The Lies I Tell(46)



“Don’t worry.”

But since Meg’s return, a different version of her has emerged. She isn’t the one-dimensional con artist who’d lived inside my imagination for so many years. She’s a woman who hates men like Ron as much as I do. Who always insists on paying for lunch and ends up tipping 30 percent. Who rolls her window down at red lights to give $5 to the homeless person standing there.

“Where are you going to pitch the story? And when?”

“I don’t know,” I hedge. I’d been thinking about Vanity Fair or Esquire. This is exactly the kind of big, splashy story they would love—a beautiful, mysterious female con artist—but all I have are some ten-year-old claims and a lot of empty space. “I need to know where she’s been and what she’d done to get an idea of what she’s doing now.”

“Where does she say she’s been?”

“Michigan. Selling real estate,” I say. “She’s got a website, with photos of houses she’s sold and client testimonials.”

“Fake?”

“Almost certainly. But it’s a dead end.” In the weeks since Meg’s return, I haven’t been able to find any company in Michigan operating under the name Ann Arbor Realty. An image search of the listings from her website were all traced back to Zillow or Redfin with other agents’ names attached. “I’m stuck,” I admit. “None of the databases I have access to are going to turn up what Meg wants to keep hidden.”

“Let me put one of my researchers on it, off the books. See what we can turn up.”

I’d been hoping she’d offer. “Really?” I say. “That would be amazing. All I need is a lead—a name, a location. I can do the rest.”

“Your mom must be loving this,” she says.

I sigh into the phone and stare out the window. “She’s constantly at me, texting suggestions, and offers to read pages. When I told her I was going undercover, she practically had kittens.”

Jenna laughs. “She means well.”

I know Jenna is right, but it runs deeper than that with my mother. The expectations I always seem to fall short of, the disappointment that my big break at the LA Times resulted in a career writing piecework while my grad school friends have gone on to write for major outlets. When Jenna got hired by the New York Times, instead of being happy for Jenna, the first thing my mother said was Why didn’t you go for that job yourself?

“Other than worrying about you, how’s Scott?” Jenna asks.

“He’s doing well,” I say.

“When are you guys going to set a date?” she asks. “I want to make sure I put in for time off.”

“I don’t know. We’re both so busy. Maybe after I sell this Meg story, we can sit down and get something calendared.”

“You make it sound like you’re booking a gynecologist appointment. Try to be a little excited.”

I laugh. “I’m excited. I just have a lot to do. I’m basically working two jobs.”

Jenna’s silent for a minute, as if she’s weighing my words. “Just make sure that’s all it is. I know I’ve said it before, but there’s no shame in changing your mind.”

“Scott’s been doing great,” I tell her. “Working the program. All is well, I promise.”
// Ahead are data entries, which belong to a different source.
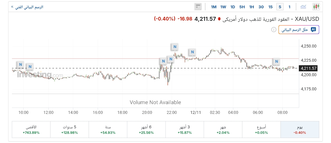وتراجعت الأسعار الفورية للذهب بنسبة 0.4%، لتتداول حاليًا عند 4,211 دولار للأوقية، بعدما افتتحت التداولات عند 4,228 دولار، مسجلة أعلى مستوى لها عند 4,247 دولار، وأدنى مستوى عند 4,204 دولار، بحسب تقرير موقع «إنفيستينج».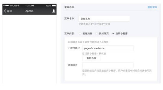 - 公眾號菜單欄允許打開小程序:原有的公眾號粉絲能夠迅速轉化為小程序的用戶。自定義菜單支持打開小程序,將有助于完成「公眾號訂閱者」到「小程序用戶」的身份轉變。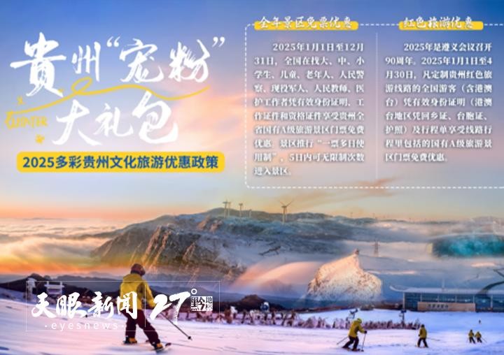 记者从多场文旅新闻发布会上了解到,这个冬天贵州将充分发挥贵州秋冬季独特的自然和人文资源,依托支支串飞、小车小团、贵南冬季阳光休闲旅游带、民俗节庆、温泉康养、南国滑雪等六类特色产品,结合贵州景区景点和“村超”“村BA”、路边音乐会等精彩纷呈的文体活动,诚邀广大游客前来参与体验,度假过年。同时在2025年,面向“一老一小”、人民警察、现役军人、人民教师、医护工作者和学生等群体推出一系列文旅优惠活动。

Jenna waits a beat before saying, “I gotta run. Call me this weekend?”

“Will do.”

After we hang up, I stare at the phone. I miss having a friend. Someone to meet for lunch or a quick coffee. Someone I don’t have to always be on guard around, looking for lies and manipulation slipped into conversations. All the pretending, all the role-playing takes an emotional toll. I think back again to Scott’s undercover friend, to what he’d always say. After a while, if you’re not careful, you can lose sight of the line. You no longer think in terms of me or them and only in terms of us.





Meg


July

Fifteen Weeks before the Election

Six weeks into the job and I will admit, I’m starting to worry. I’ve never had a deadline like the one I have with the election, and like any deadline that starts to loom…the closer you get to it, the more you begin to panic that the pieces might not come together in time.

And I can’t help but wonder if I’ve got a blind spot. Never before has a job been so personal. So raw. Never before have I had so much invested in the outcome. This is my magnum opus, and I am flat-out stalled.

I’ve got Kat, bless her heart, keeping us busy with properties Ron might like. If she thought this job was going to be mostly yoga and lunches with a few contracts here and there, she’s got another thing coming. I actually need her to work.

I’m out with Ron at least three times a week, carving out an hour here, an hour there from his busy campaign schedule, ostensibly looking for the perfect property to add to his portfolio. But my real job is to keep him talking. I can’t execute the first part of my plan—the one that centers around Canyon Drive—until I know for sure what decisions Ron will make in the second half.

Despite all the apartments and duplexes we’ve seen, I have no intention of selling him anything. But this entire job hinges on Ron’s belief that I will.

***

I’ve had Kat dig up properties in price points ranging from $3 million to $10 million. Ron has looked at all of them with an open mind. Every time I ask him how he feels about the price, he gives me a throwaway comment about his business manager, Steve, who keeps him in cash and out of jail.